Solilóquio
Ouve-se ao longe o rugido da natureza quando prestes a dar à luz. Do céu a terra, rasgam filetes brilhantes a massa quente e aparentemente imóvel de matéria. O som é terrível, mas a distância, grave e suave, conforta os viventes irremediados da iminência de (qualquer coisa).
Acho bonito por parte da natureza que, ao que parece, guarde memórias fora de mim. A memória perdida de pedacinhos de informações roda os cantos do mundo (quem sabe até do universo), pululando sem dono e sem sentido, até encontrar-me novamente - eu existindo sóbrio e desumanizado, ela galopando na calda de um raio.
Fico desconfiado!
Já é quase março, quando as nuvens vão se reunir em outros cantões, e vêm estes átomos de memória, já quase órfãos de sentido, brincar pelas bandas de minha casa. Não desconfio da física, nem da morte; neste caso, é algo que mais se assemelha a uma vontade, em vez do acaso. Como é o nome disso?
Nunca lembro o nome das coisas. Não me detenho nas perninhas das letras, seus radicais, até porque palavra não é de natureza que se finca no chão. Bonito mesmo é o significado: pluridimensional. O que quero dizer é que sei tudo que já senti, apesar de não saber dizê-lo e meu tratado é o seguinte, de que a palavra é finita como o homem, mas minha energia complexa (seria a tal da alma?) sabe tudo, do maior ao menor dos significados.

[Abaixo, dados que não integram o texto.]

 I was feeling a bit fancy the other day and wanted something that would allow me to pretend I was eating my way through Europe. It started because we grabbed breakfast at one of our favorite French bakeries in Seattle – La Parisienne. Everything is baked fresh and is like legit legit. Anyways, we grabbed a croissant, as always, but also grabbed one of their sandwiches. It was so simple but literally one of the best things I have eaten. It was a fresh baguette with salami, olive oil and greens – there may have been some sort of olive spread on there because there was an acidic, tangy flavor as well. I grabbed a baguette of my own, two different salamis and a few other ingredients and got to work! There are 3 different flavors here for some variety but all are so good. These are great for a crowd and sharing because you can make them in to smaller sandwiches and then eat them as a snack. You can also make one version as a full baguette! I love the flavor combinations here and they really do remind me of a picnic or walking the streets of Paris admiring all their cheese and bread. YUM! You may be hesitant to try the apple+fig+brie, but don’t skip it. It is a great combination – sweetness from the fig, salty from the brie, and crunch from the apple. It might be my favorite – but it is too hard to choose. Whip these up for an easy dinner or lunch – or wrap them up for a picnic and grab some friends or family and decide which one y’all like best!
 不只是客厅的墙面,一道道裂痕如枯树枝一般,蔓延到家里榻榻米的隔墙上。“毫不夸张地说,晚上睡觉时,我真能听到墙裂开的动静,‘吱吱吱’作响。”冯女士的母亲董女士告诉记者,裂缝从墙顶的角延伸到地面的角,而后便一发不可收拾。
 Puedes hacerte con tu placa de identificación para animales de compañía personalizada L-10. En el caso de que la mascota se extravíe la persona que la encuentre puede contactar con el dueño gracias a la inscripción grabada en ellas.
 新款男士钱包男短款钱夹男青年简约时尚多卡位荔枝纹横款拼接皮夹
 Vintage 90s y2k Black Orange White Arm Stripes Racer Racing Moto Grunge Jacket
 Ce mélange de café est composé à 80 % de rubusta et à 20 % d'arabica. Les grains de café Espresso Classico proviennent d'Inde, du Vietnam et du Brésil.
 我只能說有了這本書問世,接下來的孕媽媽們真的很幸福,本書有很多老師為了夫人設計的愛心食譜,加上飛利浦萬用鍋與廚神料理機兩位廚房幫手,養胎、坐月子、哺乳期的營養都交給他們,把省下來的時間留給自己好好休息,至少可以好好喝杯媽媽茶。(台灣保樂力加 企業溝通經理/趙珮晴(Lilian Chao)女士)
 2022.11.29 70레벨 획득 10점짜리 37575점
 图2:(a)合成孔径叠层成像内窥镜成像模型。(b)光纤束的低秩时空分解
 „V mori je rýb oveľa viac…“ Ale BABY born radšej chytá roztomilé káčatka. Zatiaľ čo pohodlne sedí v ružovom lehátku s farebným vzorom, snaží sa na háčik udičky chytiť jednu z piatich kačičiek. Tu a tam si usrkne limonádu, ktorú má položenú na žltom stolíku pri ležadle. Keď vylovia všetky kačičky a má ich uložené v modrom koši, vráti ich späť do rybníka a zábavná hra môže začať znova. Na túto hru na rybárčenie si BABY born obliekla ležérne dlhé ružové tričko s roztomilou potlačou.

E o que isso tem a ver com a natureza, com os raios e trovões, com a memória fora de mim?
Não sei! E acho que exagero nos pontos de exclamação. Muito porque traduzem bem meu estado de incerteza sobre o muito.
No entanto, tenho satisfação com o fato de que, muito embora seja assolado pelo mistério, todas pistas por fora e por dentro de mim me fazem escrever. Idiossincrático como pareça ser, é pela palavra, incompleta e insuficiente, que vou polindo minha forma de fazer nascer isto, que o considero tão sem finalidade de existir, existindo, inclusive, até contra vontade, querendo fato e direito a partir de um episódio mundano de um ser humano qualquer elaborando texto e, nem sempre, sentido.